Il y a donc des gens assez barbares pour avoir dit que je me porte bien! Je suis à peu près comme cette madame de Moncu qui écrivait, Moncu est un assez vilain trou, mais on se divertit quelquefois dans le voisinage.

Il est vrai que mr de Florian, qui a une charmante petite maison dans Ferney, donna il y a quelque temps un grand souper à mad. de Luchet, où elle joua une ou deux scènes de proverbes; mais assurément je n'y étais pas. Je ne mange plus avec personne; je ne sors de ma chambre que quand il y a un rayon de soleil. J'attends doucement la mort, et je remercie, comme Epictete, l'être des êtres de m'avoir fait jouir pendant quatre-vingt et un ans, du beau spectacle de la nature. J'ai abandonné totalement Don Pèdre et Duguesclin. Je n'avais jamais fait cette tragédie pour être jouée, mais seulement pour y fourrer soixante ou quatre-vingt vers, que j'ai ensuite très prudemment retranchés. Il me suffit que ce petit ouvrage ne soit pas méprisé par les gens qui pensent.

A l'égard de notre jeune homme pour qui vous avez tant de bonté, je voudrais seulement que vous puissiez aller lire chez mr de Beaumont la consultation que mr D'Hornoy a dû lui remettre. Il n'y a pas pour une demi-heure de lecture. Vous y verrez des horreurs et des bétises des prétendus juges d'Abbeville, toutes prouvées légalement, papier sur table; toutes pires que les abominations du jugement des Calas et des Sirven, et dont on s'est bien donné de garde de laisser échapper un mot dans la procédure, qui non seulement est nulle, mais qui est très punissable. Nous ne voulons sur cela que le sentiment des avocats de Paris, auquel nous joindrons celui des jurisconsultes de l'Europe depuis Moscou jusqu'à Milan. Cela nous suffira. Nous ne voulons ni ester à droit, ni demander grâce. Nous avons obtenu la dignité d'aide de camp d'un roi qui est le premier général de l'Europe et le poste de son ingénieur. Il ne convient pas à un homme de cet état de s'avilir pour obtenir en France le droit de jouir un jour d'une légitime de cadet de Normandie qui ne vaut pas la peine qu'on y pense. Je vous réponds qu'il ne manquera point, mais la consultation des avocats nous est absolument nécessaire.
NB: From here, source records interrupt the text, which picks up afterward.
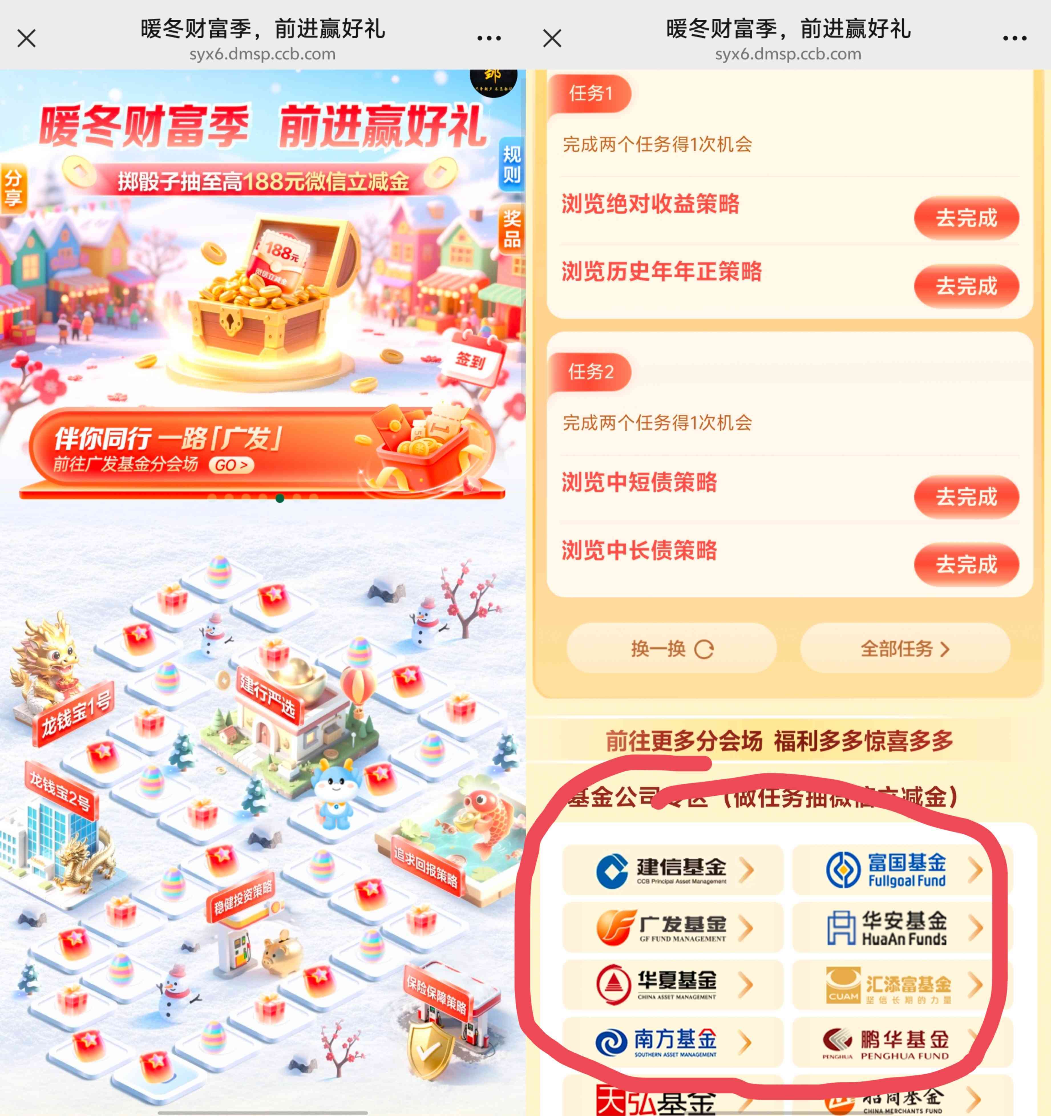 建设银行的暖冬财富季前进赢好礼的活动,参加活动进入需要完成页面任务获得投骰子前进的机会,每完成两个任务可获得一次机会,活动前面介绍过,现在又上了新任务可继续参加,每天每人限投三次骰子前进三次抽奖三次,抽奖非必中微信立减金,可能是中CC豆,这个得看运气,另外活动页面下方的基金场所有的基金号都可以点进去看看,大部分也都有抽奖任务,也是微信立减金
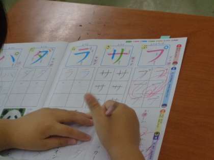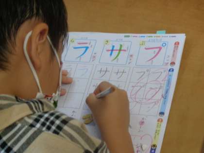 昨日に引き続き、カタカナの学習に挑んでいました。今日の字は「サ」です。サマー、サイクリング、サイダー・・・夏を連想する言葉がたくさん出てきます。
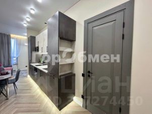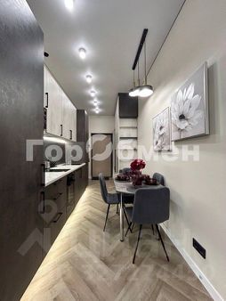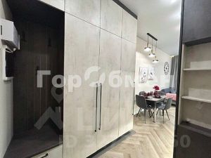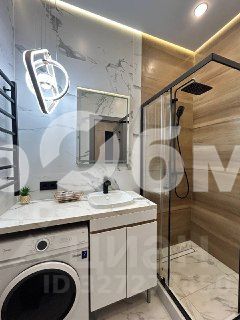 Пространство поделено на 3 зоны: кухонная зона с встроенным гарнитуром и необходимой бытовой техникой, гостиной зоной с удобным диваном, ТВ и функциональным комодом, и спальная зона с двуспальной кроватью (140*200 см). Выполнено красивое освещение. Санузел совмещён, установлена душевая кабина, всё очень стильно и гармонично.
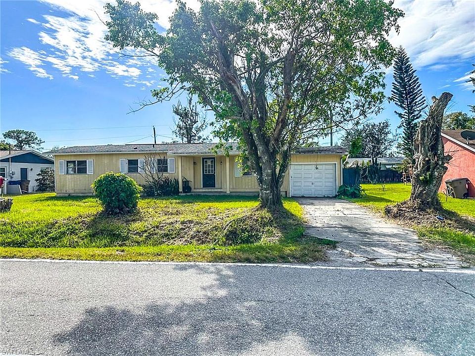 Welcome to Fort Myers Shores where you can build your dream home or create a rental investment property. This home features 4 bedrooms, 2 bathrooms, and an attached garage. Situated on a large lot and room for a pool. Use your imagination can create a special home in paradise in Southwest Florida.
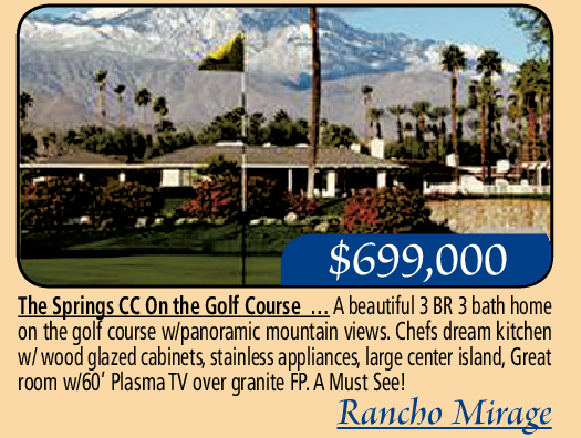 $699,000 The Springs CC On the Golf Course … A beautiful 3 BR 3 bath home on the golf course w/panoramic mountain views. Chefs dream kitchen w/ wood glazed cabinets, stainless appliances, large center island, Great room w/60’ Plasma TV over granite FP. A Must See! Rancho Mirage
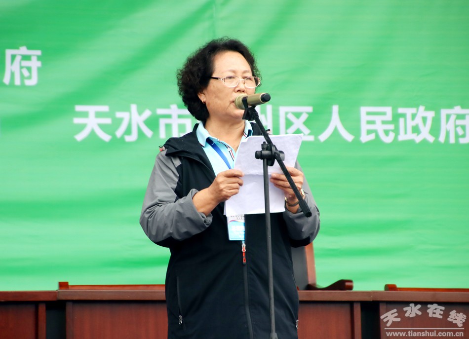 (中國·天水秦州第三屆“李廣杯”國際傳統(tǒng)射箭錦標(biāo)賽總裁判長李淑蘭宣布比賽成績)
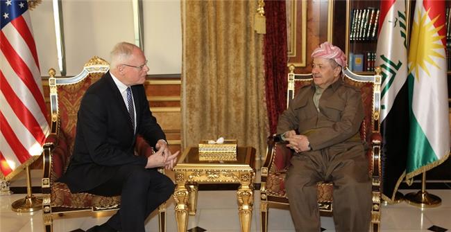 پەیامی کورد ... ئێوارەی دوێنێ ڕۆژی چوارشەممە 20ـی 2ـی 2019 لە سەلاحەددین سەرۆك مەسعود بارزانی پێشوازی لە شاندێكی حكوومەتی ئەمریكا كرد كە پێكهاتبوو لە جێمز جێفری نوێنەری نوێی سەرۆكی ئەمریكا بۆ هاوپەیمانیەتی نێودەوڵەتی شەڕی دژی داعش و سەرۆكی شاندەكە و جۆڵ ڕایبێڕن جێگری یاریدەدەری وەزیری دەرەوەی ئەمریكا بۆ كاروباری ڕۆژهەڵاتی ناوەڕاست و كونسوڵی گشتی ئەمریكا لە هەولێر بە وەكالەت و ئەندامانی تیمی ئەمریكی تایبەت بە سووریا.
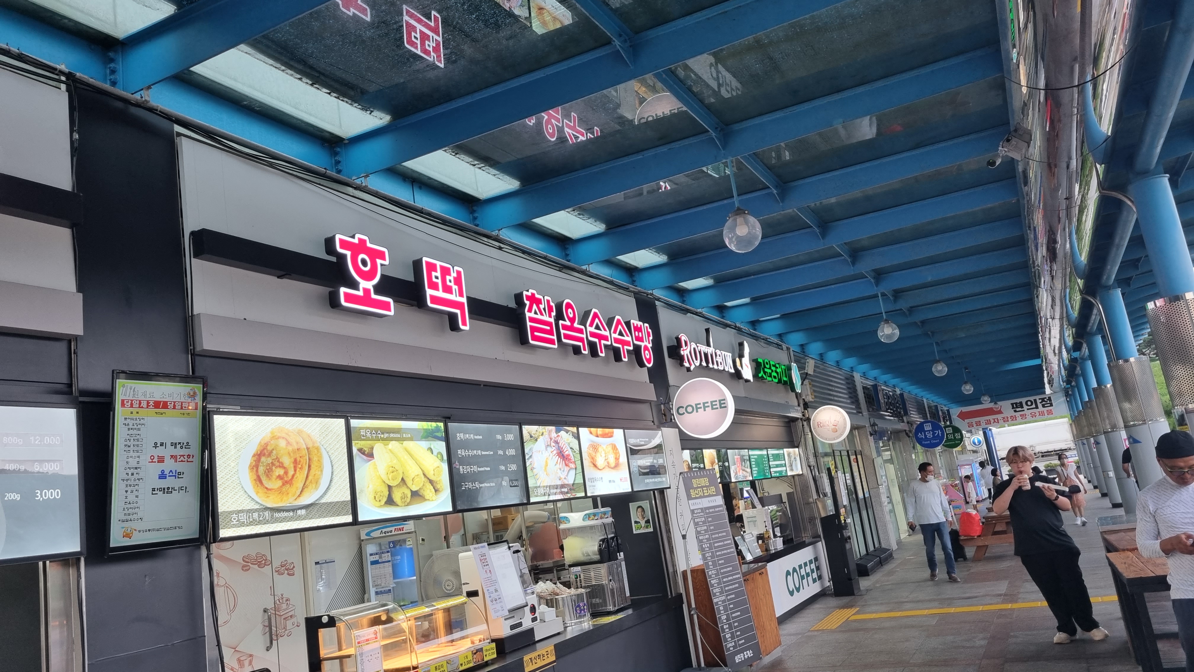 휴게소 내에 호두과자 호떡, 찰옥수수빵등을 판매하고 핫바 소시지등을 판매하는 코너가 있어 간식을 구입하고 드시기에도 좋습니다
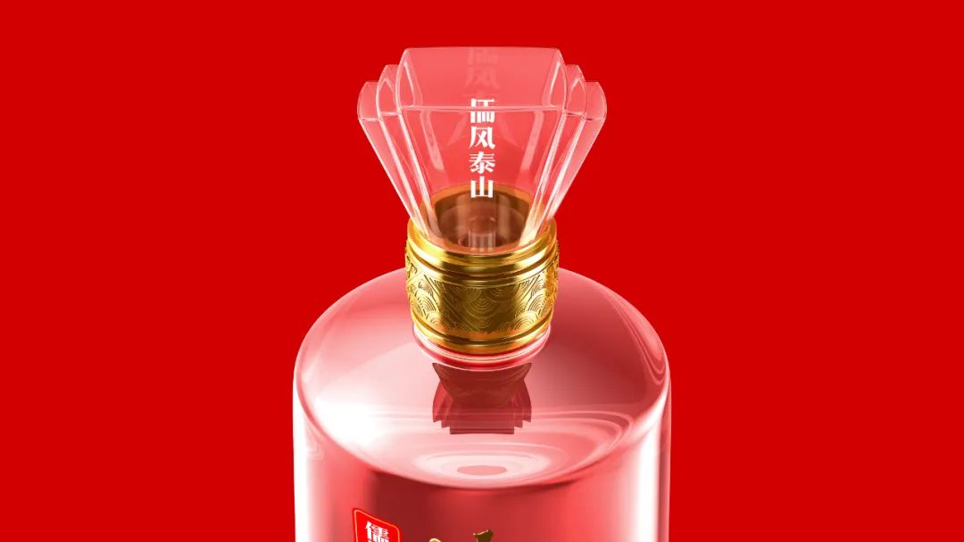 瓶蓋設計獨樹一幟,靈感源自古代儒生冠帽,集中體現(xiàn)了酒品所蘊含的儒家風骨。透明水晶玻璃材質(zhì)輔以鉆石質(zhì)感切割,圓潤通透,傳遞出儒雅特性。瓶頸處以金色金屬點綴,提升啟封時的尊貴儀式感;其花紋借鑒中國傳統(tǒng)水紋進行壓花設計,既寓意泰山酒“三千座國寶金條小窖,億萬年泰山泉水釀造”的生生不息與匠心傳承,又因水紋象征吉祥平安,彰顯了泰山酒瓊漿玉液的高端品質(zhì)與“國人平安酒”的深切祝福。

Echauffez sur cela, je vous en prie mr d'Hornoy et mr de Beaumont, qu'ils écrivent seulement au bas de notre mémoire, que les choses supposées comme nous les avançons, la procédure est nulle, et que nous sommes en droit de demander la révision. Je vais écrire à mon petit gros neveu.

Je vous embrasse, mon cher ange, avec l'amitié la plus respectueuse, la plus tendre et la plus vieille.

V.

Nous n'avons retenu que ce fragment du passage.